# HOW scary can it be?



## Dang Dawg (Jan 14, 2013)

I think I've said it a time or two, I do believe everyone should have a " in the middle of the night , over full, small boat trip " on the river, on their bucket list.

"You never know how much fear you can experience in one trip. The frigid wind trying to freeze your hand that's desperately holding the spot light. The eye strain , looking for the three ROCKS you know are in the driving lane in the middle of the rapids you Have to go through. The cold sweet freezing to any exposed shin in said frigid wind, THATS fear Baby! You know you're going to die or freeze to death if it wasn't for the Every so often jolt of adrenalin you get when the boat bounces off a small rock or the sound of the beaver tail motor slapping the river bed. Finally after an eternity your light reflects off a small gravel bar that you're going to call home for the next ten hours.
You probably wouldn't even notice that you kicked hundreds of geese and duck on your trip, or that it really was only an hour trip. It's a LITTLE warmer than what you thought, and the wind is only half as hard."

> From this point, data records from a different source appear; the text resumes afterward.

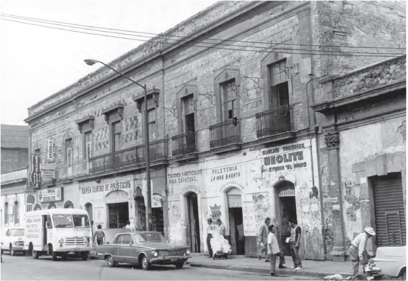
Calle Jesús Carranza núm. 24
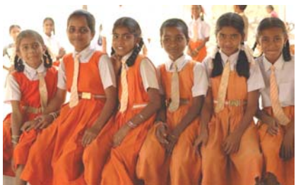
Indien ist ein junges Land
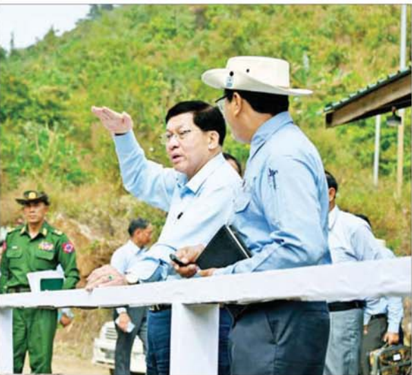
ပြည်ထောင်စုသမ္မတမြန်မာနိုင်ငံတော် ယာယီသမ္မတ နိုင်ငံတော်လုံခြုံရေးနှင့် အေးချမ်းသာယာရေးကော်မရှင်ဥက္ကဋ္ဌ ဗိုလ်ချုပ်မှူးကြီးမင်းအောင်လှိုင် နာဂကိုယ်ပိုင်အုပ်ချုပ်ခွင့်ရဒေသ လဟယ်မြို့ရှိ ဟေ့ထိုက်ရေအားလျှပ်စစ်စီမံကိန်း အကောင်အထည်ဖော်ဆောင်ရွက်နေမှုကို ကြည့်ရှုစစ်ဆေးစဉ်။

After a two hour set up of the 96 goose decoys, 24 ducks and three strings of diver duck decoys, the ducks are already landing in your lap. Get the blind on the boat as the sun is JUST starting to light up the eastern horizon. Then you wait.
The boy works his magic with his calls and they really start to work .Ducks coming in all day long shooting a LOT of shells and even getting a few ducks. At one point we had 100 geese working over our heads for 10 minutes before they make their final approach wings cupped and feet out, 60 yards in front of us, NO SHOTS! We did have a no nonsense flock come in and land in our decoys before we could shoot. We stood and they took off and my son and I picked out a goose and shot, THE SAME goose, hum, we each picked another one and again shot the same goose, crap. We could have had four but had two in the water dead, dead.
The Mud boat is the perfect tool for this kind of trip Tuff, rugged and almost bullet proof. It was very quick to zip out and net the fallen birds and park again to shoot some more.

A perfect trip and a wonderful hunt, a side benefit is the limit of assorted ducks and two geese.


----------



## mad_river (Nov 25, 2013)

Loved the story. Sounds like a blast... congrats on the fowl


----------



## youngdon (Mar 10, 2010)

Congrats on a good day afield !


----------



## catcapper (Feb 11, 2010)

Sounds like you guys had a Dawg gone great time. :thumbsup:

awprint:


----------



## hassell (Feb 9, 2010)

Great write up and congrats. on the hunt, thanks for sharing.


----------



## jswift (Dec 24, 2012)

Good story -- congrats on the successful hunt-- sounds like fun


----------



## dwtrees (Mar 5, 2012)

That sounds like a hair raising way to get to the ducks and geese. But it also sounds like one great time with the kid and that's the main part, with the kid. Congratulations on a successful hunt and great memories.


----------



## 220swift (Mar 2, 2011)

glad you didn't die or freeze..lol. Sounds like you guys had a great time. Thanks for a very good short story and pictures. Congrats on some good eatin'.


----------



## Rick Howard (Feb 25, 2012)

Almost bullet proof? Did someone forget the safety? Lol. Sounds like you guys had a great trip.


----------



## jimmy shutt (Jun 2, 2013)

good read, we don't have that here just mosquitos in December, nice batch of Fowl congrats.


----------



## straightshot (Sep 2, 2013)

Awesome story and good pictures. Thanks for sharing


----------